ABOUT THIS EXERCISE:
Set down, exactly as they stand, the lines from the one containing "ギターとターンテーブル。数十" through the last line of the records below, leaving every picture out.

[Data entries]
____
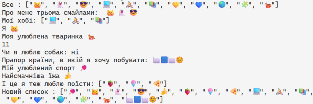 Сьогодні ми розберемо функції списків, а заодно і розкажемо про себе за допомогою смайликів! Ось, що приблизно має вийти:
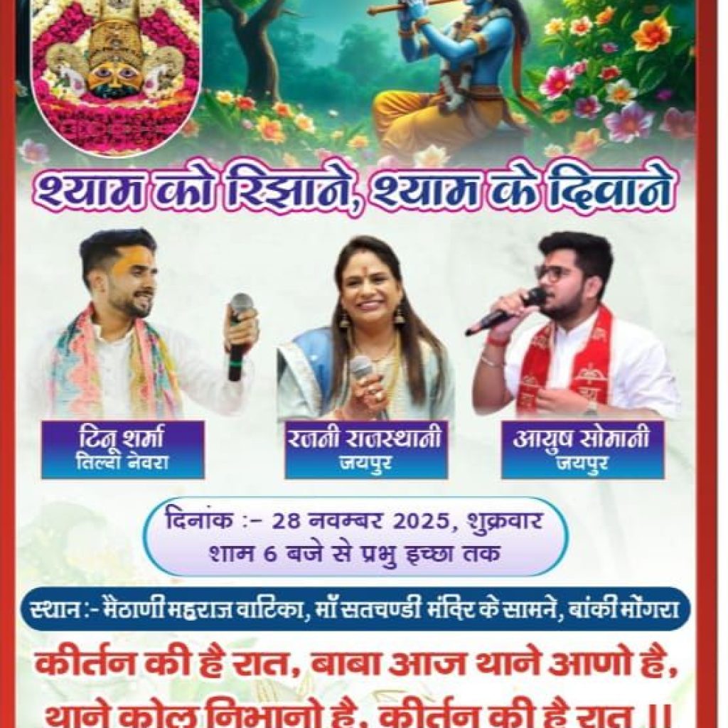 ज्ञात हो कि बाॅंकीमोंगरा में विगत 04 वर्षों से नगर के श्री श्याम दीवाने मित्र मंडल बाॅंकीमोंगरा के द्वारा बाबा श्याम का भव्य संकीर्तन महोत्सव कराया जा रहा है, जो इस वर्ष भी 27 एवं 28 नवंबर को किया जा रहा है।
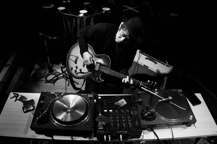 ギターとターンテーブル。数十年もの付き合いになるこの楽器たちでわたしがやっていることといえば、弦の振動や回転体との摩擦で生まれた電気信号を増幅させたりフィードバックさせたりってことに過ぎないなって、しみじみと思います。なんでそんなことをやっているのかと言われても、自分でもよくわかりません。ただ、何よりこいつを即興で、とりわけライブであれこれやることが大好きなんです。これまで一体どれだけの数、そんな演奏をしてきたことか、本当に数え切れないくらいです。そのわりには即興のソロでのスタジオ録音はほとんど残っていません。即興はその場限りでいいや…そう思っていましたから。
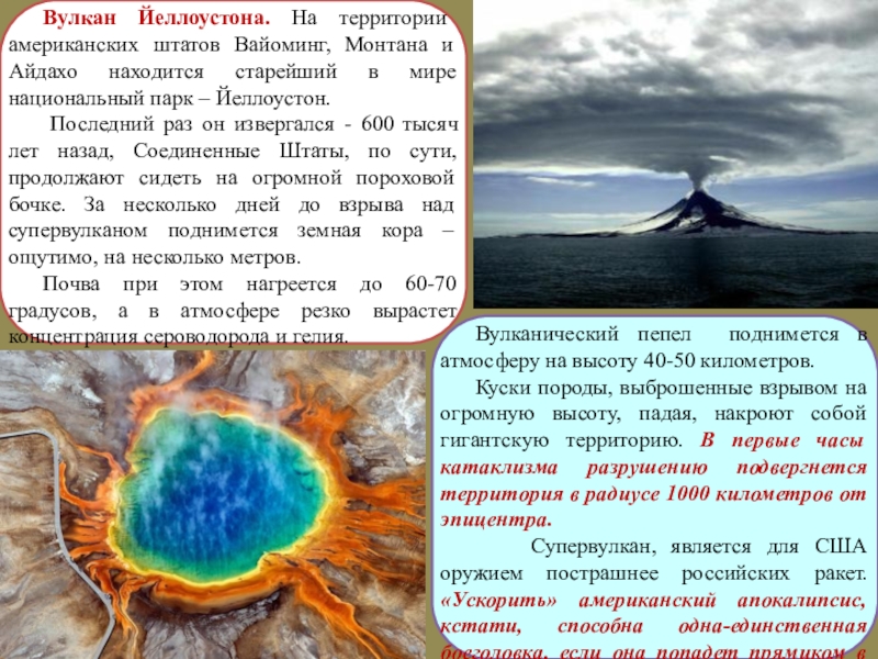 Супервулкан, является для США оружием пострашнее российских ракет. «Ускорить» американский апокалипсис, кстати, способна одна-единственная боеголовка, если она попадет прямиком в эпицентр.
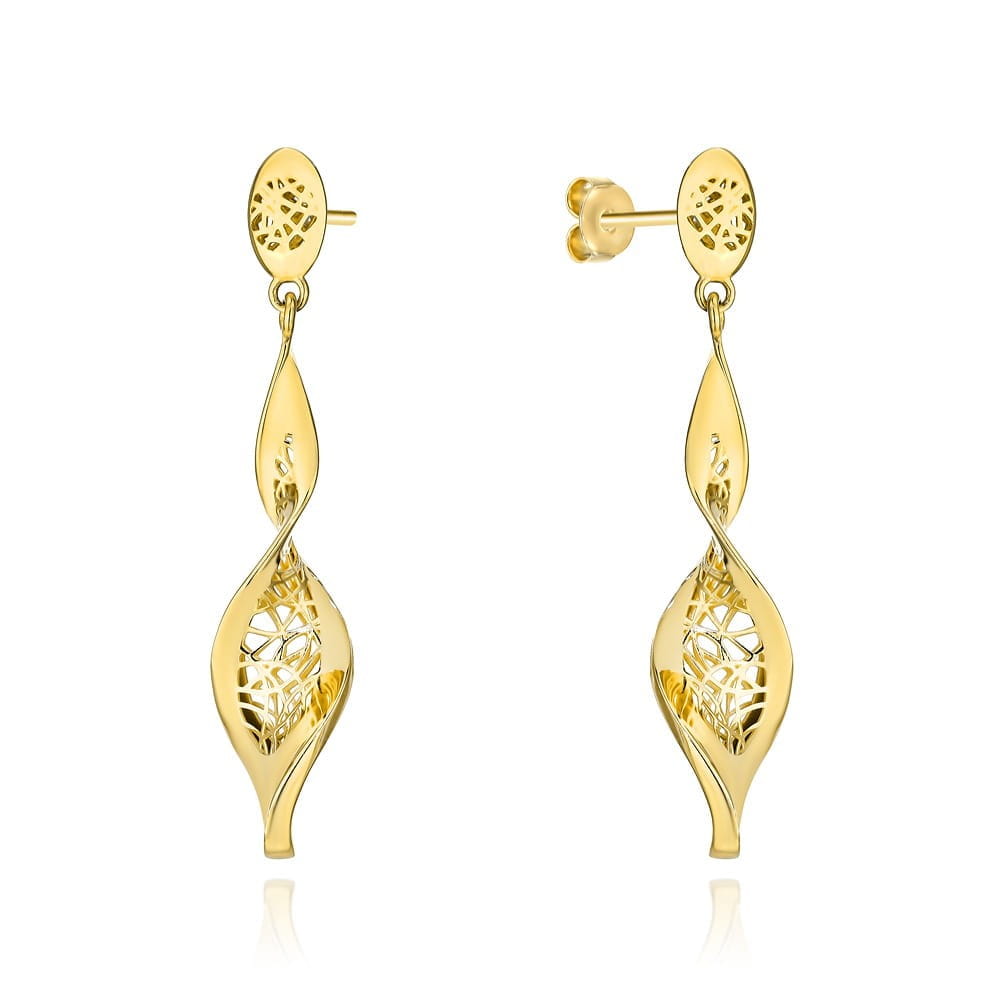 Kolczyki złote zakręcane z ażurowym zdobieniem
____
ANSWER:
 ギターとターンテーブル。数十年もの付き合いになるこの楽器たちでわたしがやっていることといえば、弦の振動や回転体との摩擦で生まれた電気信号を増幅させたりフィードバックさせたりってことに過ぎないなって、しみじみと思います。なんでそんなことをやっているのかと言われても、自分でもよくわかりません。ただ、何よりこいつを即興で、とりわけライブであれこれやることが大好きなんです。これまで一体どれだけの数、そんな演奏をしてきたことか、本当に数え切れないくらいです。そのわりには即興のソロでのスタジオ録音はほとんど残っていません。即興はその場限りでいいや…そう思っていましたから。
 Супервулкан, является для США оружием пострашнее российских ракет. «Ускорить» американский апокалипсис, кстати, способна одна-единственная боеголовка, если она попадет прямиком в эпицентр.
 Kolczyki złote zakręcane z ażurowym zdobieniem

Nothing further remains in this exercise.